=== Begin Enclosure ===

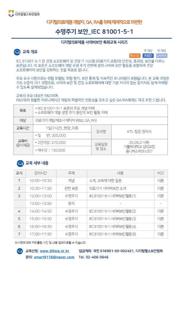 디지털헬스보안협회에서는 디지털의료제품 사이버보안 특화교육 시리즈로, 의료기기 개발자, 제조자 QA, RA를 대상으로 수명주기 보안(IEC 81001-5-1)에 대한 교육을 진행합니다.
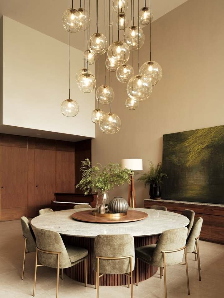 Okay this one is straight-up fancy. That cluster of glass globes hanging high feels like floating soap bubbles, and I can’t stop staring at it. The room has tall ceilings, warm wood walls, and a big round dining table that looks like stone or marble. Then there’s a wooden center piece, like a giant lazy susan, holding vases and greenery. It’s one of those dining room decor ideas modern that looks expensive, but the good news is you can steal the concept without copying every single thing.
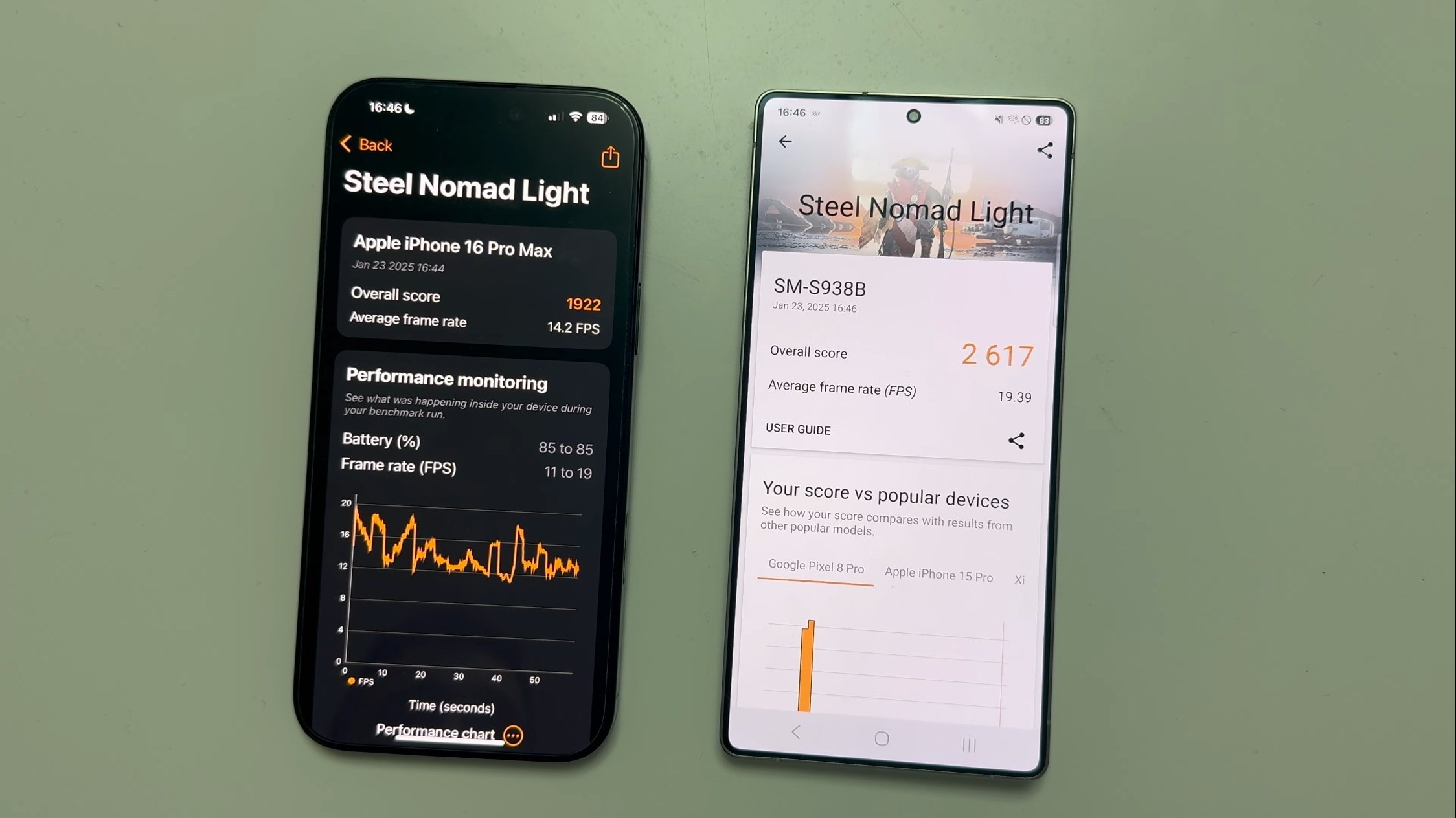 У цьому тесті Galaxy S25 Ultra, оснащений Snapdragon 8 Elite, набрав 2617 балів проти 1922 року в iPhone 16 Pro Max з чипом A18 Pro. Середній FPS становив 19.39 у Galaxy і 14.2 в iPhone, що підтверджує 36% переваги нового GPU Adreno.

=== End Enclosure ===

> [EXERCISE BRIEF] A word-for-word retyping of the material above is expected, without pictures.

> [THE ANSWER]
 디지털헬스보안협회에서는 디지털의료제품 사이버보안 특화교육 시리즈로, 의료기기 개발자, 제조자 QA, RA를 대상으로 수명주기 보안(IEC 81001-5-1)에 대한 교육을 진행합니다.
 Okay this one is straight-up fancy. That cluster of glass globes hanging high feels like floating soap bubbles, and I can’t stop staring at it. The room has tall ceilings, warm wood walls, and a big round dining table that looks like stone or marble. Then there’s a wooden center piece, like a giant lazy susan, holding vases and greenery. It’s one of those dining room decor ideas modern that looks expensive, but the good news is you can steal the concept without copying every single thing.
 У цьому тесті Galaxy S25 Ultra, оснащений Snapdragon 8 Elite, набрав 2617 балів проти 1922 року в iPhone 16 Pro Max з чипом A18 Pro. Середній FPS становив 19.39 у Galaxy і 14.2 в iPhone, що підтверджує 36% переваги нового GPU Adreno.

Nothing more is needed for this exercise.